Selbstverständlich verstand Adda sich auf die Kunst des Schachspielens. Das hatte zu ihrer Ausbildung gehört. Ommo, des Vaters Schreiber hatte sie darin unterrichtet. Aber bisher hatte sie nie so recht Spaß daran gehabt. Im Gegenteil, eigentlich fand sie es albern, stundenlang die Figuren auf dem Brett anzustarren und hin- und herzusetzen. Jetzt aber, mit diesen herrlichen Figuren auf dem wunderschönen Schachbrett, jetzt fand sie plötzlich Gefallen daran, handelte es sich doch um einen Zeitvertreib, den sie auch ohne Mitspieler ausüben konnte. Worüber sie vordem die Nase gerümpft, das tat sie jetzt mit Begeisterung. Stundenlang saß sie ganz allein vor dem Schachbrett und spielte gegen sich selbst, ohne sich je zu langweilen. Sie übte sich im astronomischen Schach, eine sehr beliebte Variante, oder suchte Endspielprobleme zu lösen.
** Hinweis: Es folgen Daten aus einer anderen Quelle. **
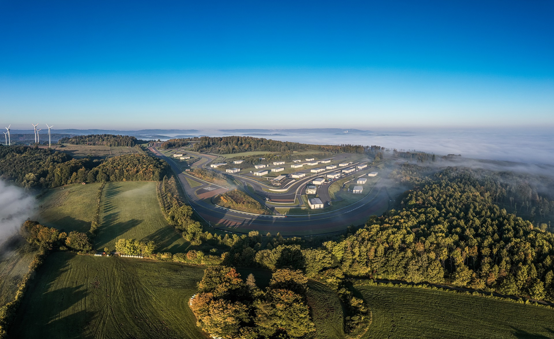 - Die S-Kurve schlängelt sich am modernen Clubhaus des Bilster Bergs vorbei.
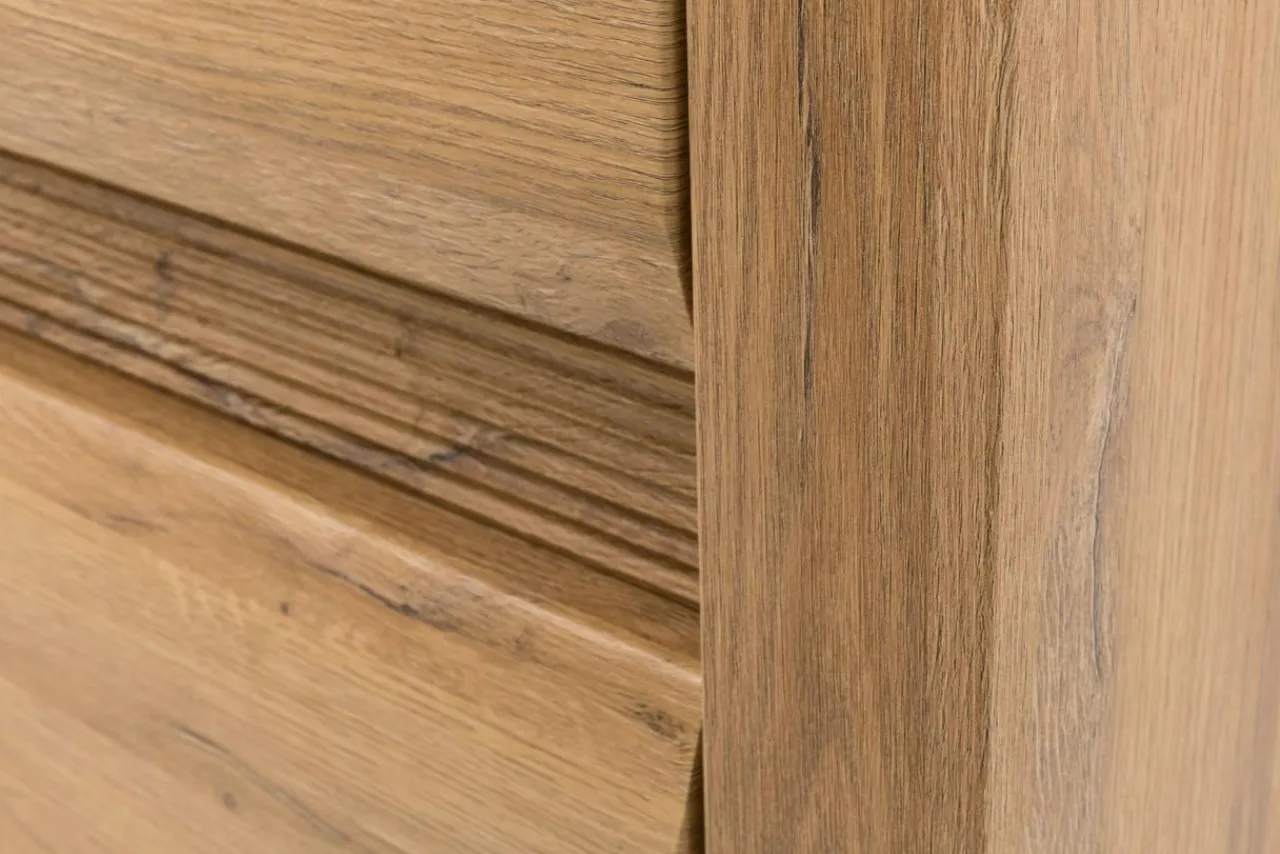 Brak widocznych uchwytów i delikatne żłobienia na froncie dodają meblom elegancji.

Wenn Adda gegen ihren Vater spielte, unterlag sie häufig, weil es ihr eben noch an Erfahrung fehlte. Das aber konnte sie nicht verdrießen, spornte sie höchstens an, noch mehr zu üben. So steigerte sich ihr Können allmählich, bis es ihr endlich auch gelang, manches Spiel für sich zu entscheiden.
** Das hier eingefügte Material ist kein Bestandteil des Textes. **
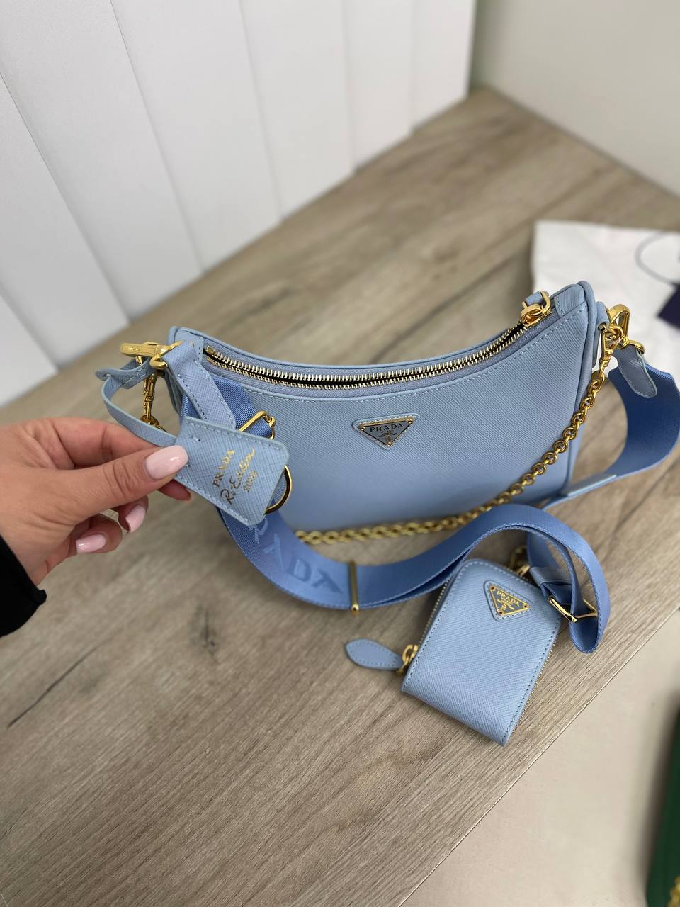 Сумка женская Prada LUX-84491 – это стильный аксессуар, который сочетает в себе элегантность и функциональность. Сумка выполнена в нежно-голубом цвете, имеет гладкую текстуру и привлекает внимание своим дизайном. Идеально подойдет для создания повседневных и вечерних образов.

Schnell sprach es sich herum, dass sie besser mit den Figuren umzugehen verstand als mancher Mann. Ihren Mitspielern, Vater, Folkmar Allena, der Schreiber Ommo, Dorfhäuptlinge und andere Persönlichkeiten aus der näheren Umgebung, die auf der Burg aus- und eingingen, missfiel das reinweg. Gab es eine größere Schande als einer Frau zu unterliegen? Da war es doch besser, dieser Gefahr aus dem Wege zu gehen. An Ausreden mangelte es den Herren der Schöpfung nicht. So blieb Adda wieder sich selbst überlassen. Fast unbemerkt von ihrer Umgebung reifte Adda zur Frau heran. Ihr knabenhafter Körper bekam weiblich weiche Formen. Reizvoll! Die kindlichen Pausbäckchen verschwanden, wodurch ihr schmales Gesicht einen stolzen Zug erhielt. Ja, man konnte wohl sagen, dass sie zu herber Schönheit herangewachsen war.